In my model, in most cases there are two events: Enlightenment and Realization. There’s a process for most people after Enlightenment whereby residues of ignorance and bad habits require a good brush, soap and a bucket. That is why the subtitle of my book is “a manual for spiritual janitors”. After Enlightenment it is time to get on our knees and brush rather than trumpet to the world that we are awakened and start teaching before this work is done. Read the book and ask for clarification if you want to continue discussing this. This was my experience, I am living and can discuss this. If other teachers are alive, go and ask them too, and determine what makes sense or not. Also, you told me that awakening has not happened to you, what is it to you what others say about what happens after awakening? Make a note of it and go do what you can to do in your present situation.
—All of this makes me think that maybe each enlightenment is very particular. As if there were enlightenments, not a single enlightenment. Or different degrees of enlightenment. Or deepening of enlightenments.
What is revealed in Enlightenment, and what is eliminated in Realization, is the same for everyone. But how the personality, body, and soul react and manifest must certainly be different for each person. Even the degree of detachment from the manifestation is different for each person. That is the beauty of the manifestation, and how the universe manages not to be boring, no two objects are alike.
—What I want to make clear is that I have no fantasies about perfection or constant bliss, nothing like that.
You do have a fantasy about Enlightenment and what kind of suffering it removes and that fantasy is enough to throw you off the scent in your seeking. This fantasy has the effect of not only making the search continue but it will keep leading you into cul-de-sacs.
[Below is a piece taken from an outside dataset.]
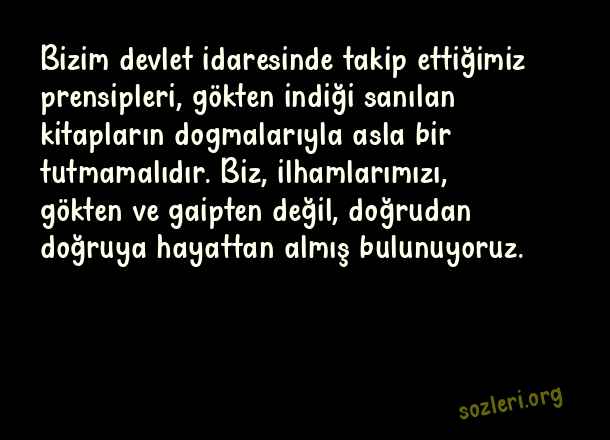 Bizim devlet idaresinde takip ettiğimiz prensipleri, gökten indiği sanılan kitapların dogmalarıyla asla bir tutmamalıdır. Biz, ilhamlarımızı, gökten ve gaipten değil, doğrudan doğruya hayattan almış bulunuyoruz. ( Prensip )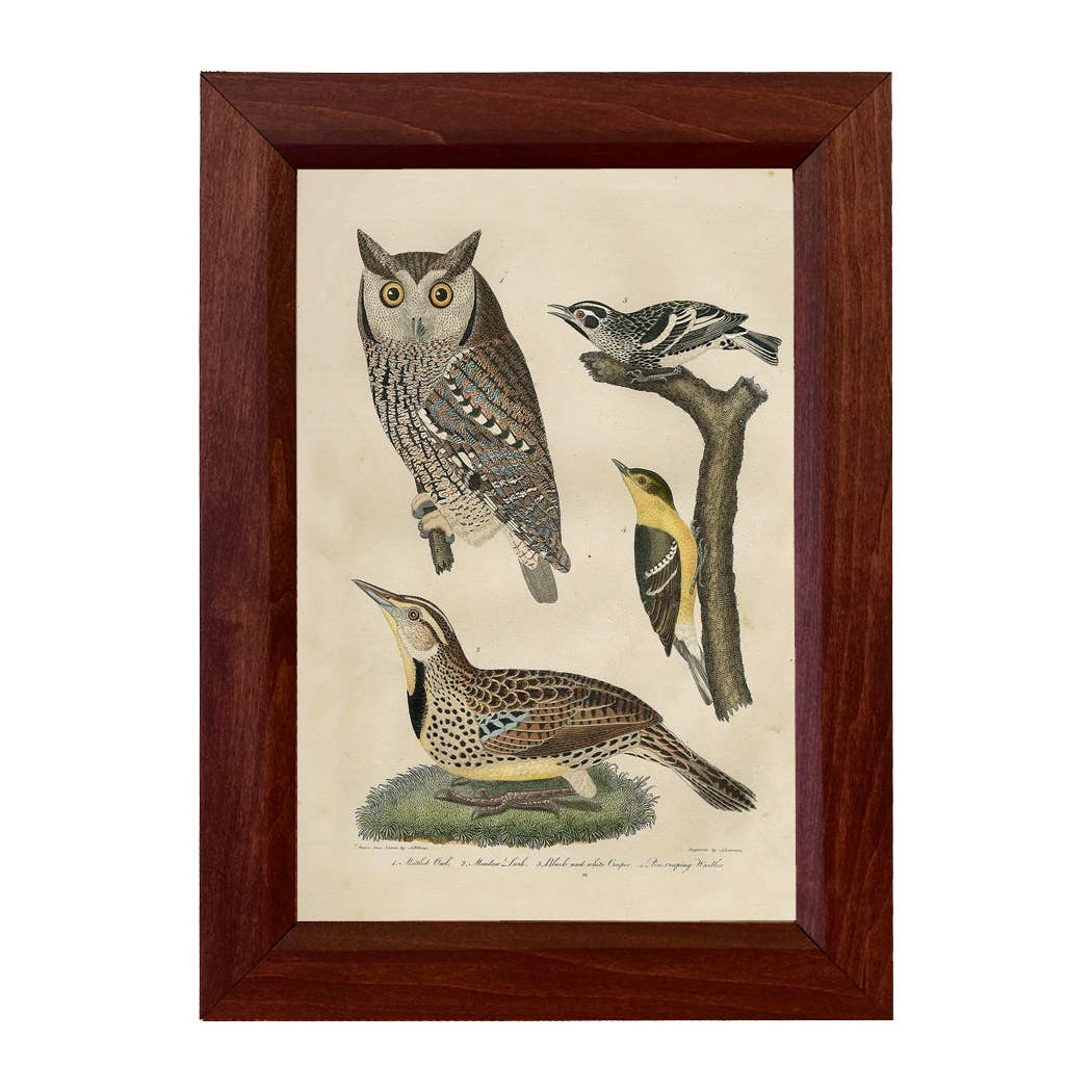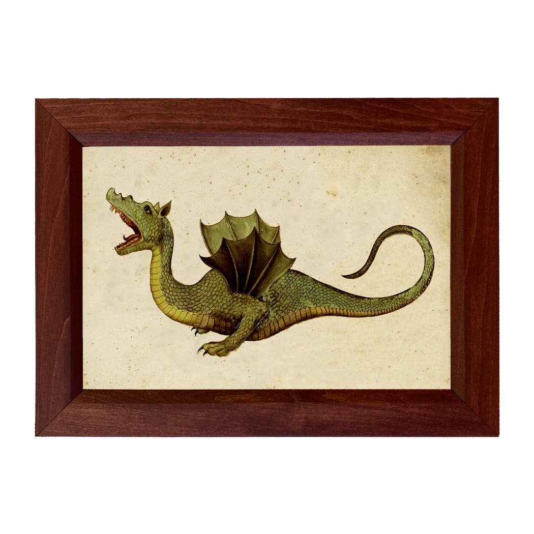 Ilustração a cores impressa em papel fotográfico acetinado. A moldura é de madeira de manga castanho-avermelhada angustiada com uma borda interior chanfrada. A parte de trás é finalizada com papel artesanal 100% reciclado e um cabide dente de serra. Fabricado nos EUA. • Impressão: 6-1/2 x 10" • Tamanho da moldura acabada: 8-1/2 x 12" • Largura da moldura: 1-1/4" • Espessura da moldura: 5/8" (Variações nos padrões de grão de madeira de manga e absorção de manchas produzirão uma aparência única e individual, portanto, não há duas molduras exatamente iguais.)

This is a common sticking point for many seekers. They don’t want to do the work and go through he trouble of understanding the mechanics of the psyche and the weaknesses of the human personality. They put all suffering and pain in the same bucked and don’t know what to do with them because they each require a different approach. Knowing your weakness is a requirement. It will be quicker and easier to deal with with pain and suffering if you know your personality and the laws that operate through it, rather than expect that Enlightenment will solve everything automatically—it will not. Being pragmatic is an asset. I suggest you question and investigate your view that you have no fantasies about what you want from spirituality and take a good look at what reality is willing to offer you.